Clinical utility of microarray-derived genetic signatures in predicting outcomes in prostate cancer.

作者信息

Reddy G Kesava, Balk Steven P

机构信息

CIG Media Group, LP, Dallas, TX, USA.

出版信息

Clin Genitourin Cancer. 2006 Dec;5(3):187-9. doi: 10.3816/CGC.2006.n.035.

Abstract

Prostate cancer is a complex heterogeneous disease, and risk stratification remains a significant clinical challenge. Gene microarray has been developed to provide better prediction of clinical outcomes and potentially improve management of patients with various malignancies, including prostate cancer. Currently, several studies are evaluating the clinical significance of gene expression signatures in prostate cancer. These approaches might provide outcome predictions, such as treatment response, progression-free survival, overall survival, and metastatic status and offer new strategies to identify patients at high risk for personalized cancer therapies. This article discusses the latest developments in gene expression-based signatures that predict clinical behavior of prostate cancer.

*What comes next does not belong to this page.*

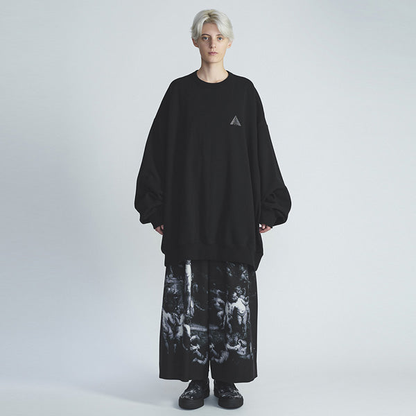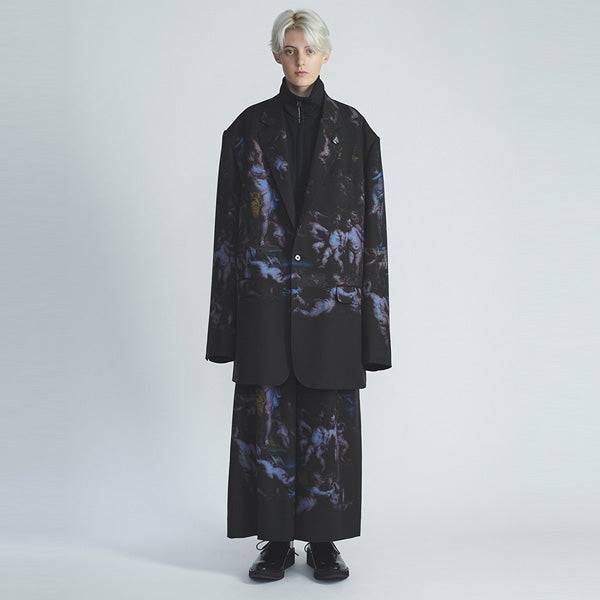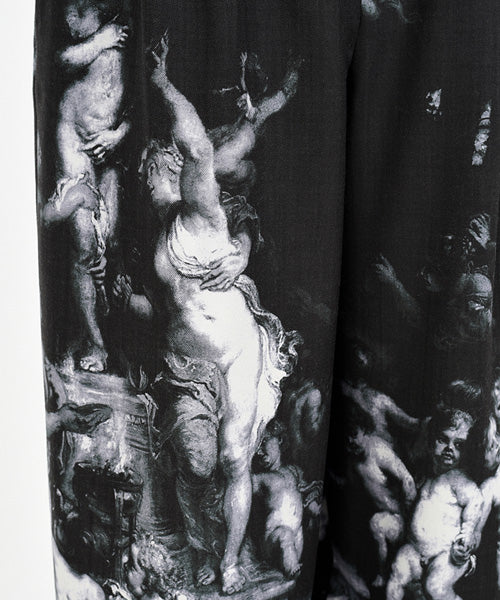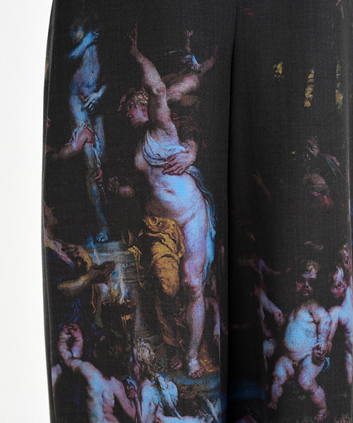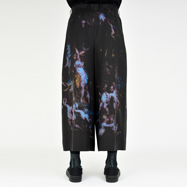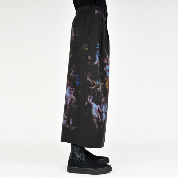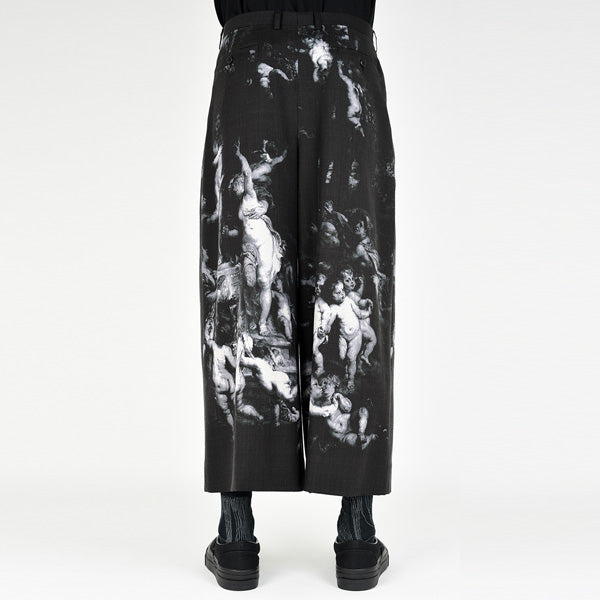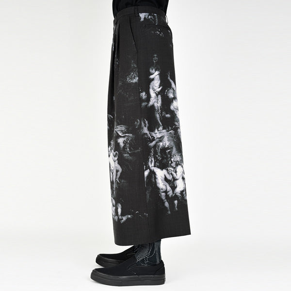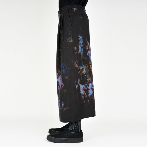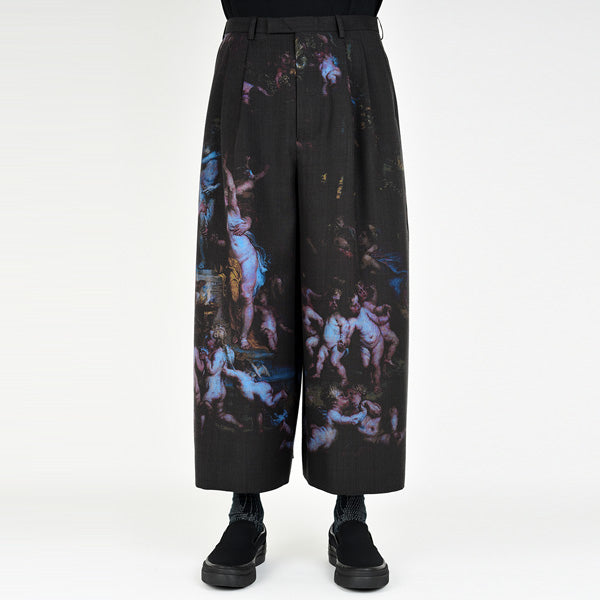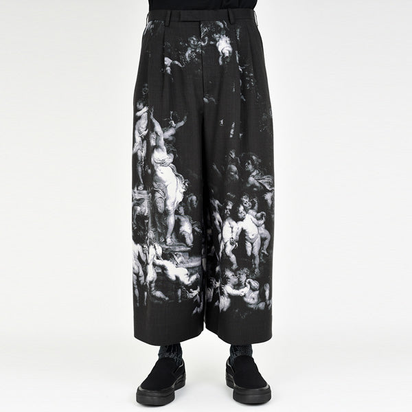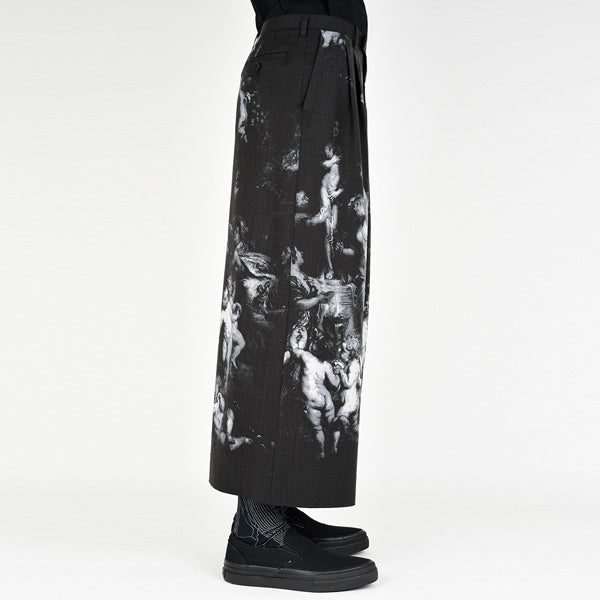 天使柄をプリントしたウール素材を使用したクロップド丈の2タックワイドスラックス。

Gene profiling could lead to enhanced early detection and prognosis of prostate cancer, resulting in improved overall survival. The ability to predict clinical outcomes by the microarray-derived genetic signatures is promising; however, further studies are warranted to optimize its clinical utility in patients with prostate cancer.

摘要

前列腺癌是一种复杂的异质性疾病,风险分层仍然是一项重大的临床挑战。基因微阵列已被开发出来,以更好地预测临床结果,并有可能改善包括前列腺癌在内的各种恶性肿瘤患者的管理。目前,多项研究正在评估基因表达特征在前列腺癌中的临床意义。这些方法可能提供结果预测,如治疗反应、无进展生存期、总生存期和转移状态,并提供新的策略来识别有个性化癌症治疗高风险的患者。本文讨论了基于基因表达的特征预测前列腺癌临床行为的最新进展。基因分析可能会提高前列腺癌的早期检测和预后,从而改善总生存期。通过微阵列衍生的基因特征预测临床结果的能力很有前景;然而,需要进一步研究以优化其在前列腺癌患者中的临床应用。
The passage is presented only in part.